This topic introduces the basic concepts related to DataWorks, including the workflow, solution, SQL script template, node, instance, commit operation, script, resource, function, and output name.
- Nodes in a workflow are organized by type.
- A hierarchical directory structure is supported. We recommend that you create a maximum of four levels of subfolders.
- You can view and optimize each workflow from a business perspective.
- You can deploy and manage each workflow as a whole.
- You can view each workflow on a dashboard to efficiently develop code.
A solution contains one or more workflows.
- A solution can contain multiple workflows.
- A workflow can be added to multiple solutions.

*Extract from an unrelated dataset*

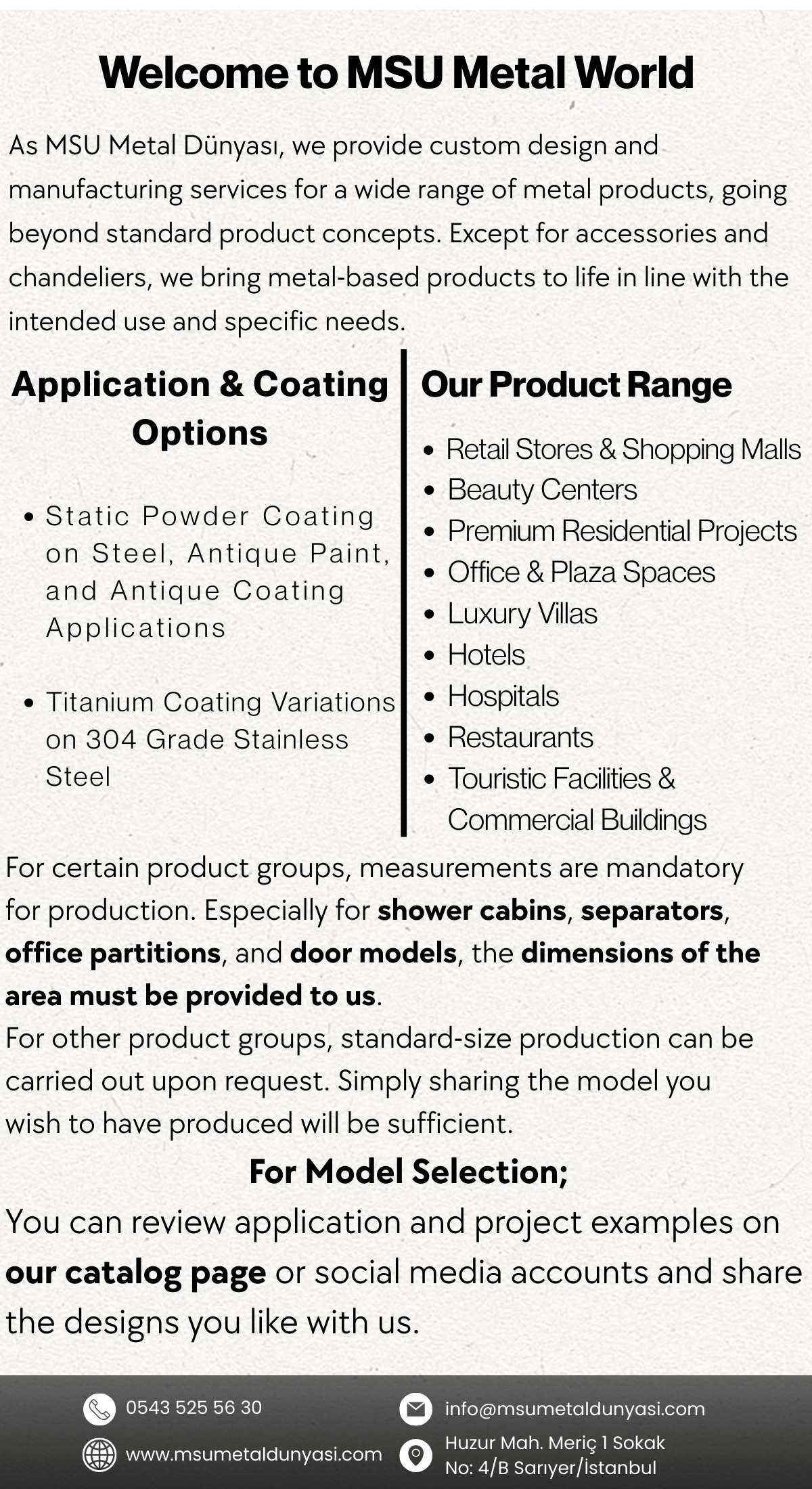 MSU Metal Dünyası, metal sektöründe kalite, güven ve yenilikçilik ilkeleriyle, Avrupa Kalite Standartlarına uygun CE ve ISO 9001 belgeleriyle faaliyet gösteren bir firmadır.

- Workspace members can collaboratively develop and manage all solutions in a workspace.
SQL script template
SQL script templates are general logic chunks abstracted from SQL scripts. They can be reused to enhance the efficiency of code development.
Each SQL script template involves one or more source tables. You can filter source table data, join source tables, and aggregate them to generate a result table based on the requirements of new business. An SQL script template includes multiple input and output parameters.
- A sync node is used to synchronize data from ApsaraDB for RDS to MaxCompute.
- An ODPS SQL node is used to run MaxCompute SQL for data conversion.
Each node has zero or more input tables or datasets and generates one or more output tables or datasets.
|Node task||A node task is a data operation. You can configure the dependencies between a node task and other node tasks or flow tasks to form a directed acyclic graph (DAG).|
|Flow task||A flow task contains a group of inner nodes that process a workflow. We recommend
that you create less than 10 flow tasks.
Inner nodes in a flow task cannot be used as dependencies of other flow tasks or node tasks. You can configure the dependencies between a flow task and other flow tasks or node tasks to form a DAG.
Note In DataWorks V2.0 and later, you can find the flow tasks created in DataWorks V1.0 but cannot create flow tasks. You can create workflows instead to perform similar operations.
|Inner node||An inner node is a node within a flow task. It has basically the same features as a node task. You can configure dependencies between inner nodes in a flow task by using drag-and-drop operations. However, you cannot configure a recurrence for inner nodes because they follow the recurrence configuration of the flow task.|
An instance is a snapshot of a node at a certain time point. It is generated when a node is scheduled by the scheduling system or triggered manually. The instance contains information such as the time when the node is run, the running status of the node, and operational logs.
A script stores the code for data analysis. The code in a script can only be used for data query and analysis. It cannot be deployed to the scheduling system and cannot be scheduled.
Resource and function
The DataWorks console allows you to manage resources and functions. Note that you cannot query resources and functions in DataWorks if they are uploaded through other services such as MaxCompute.
Under an Alibaba Cloud account, each node has an output name that is used to connect to its descendant nodes.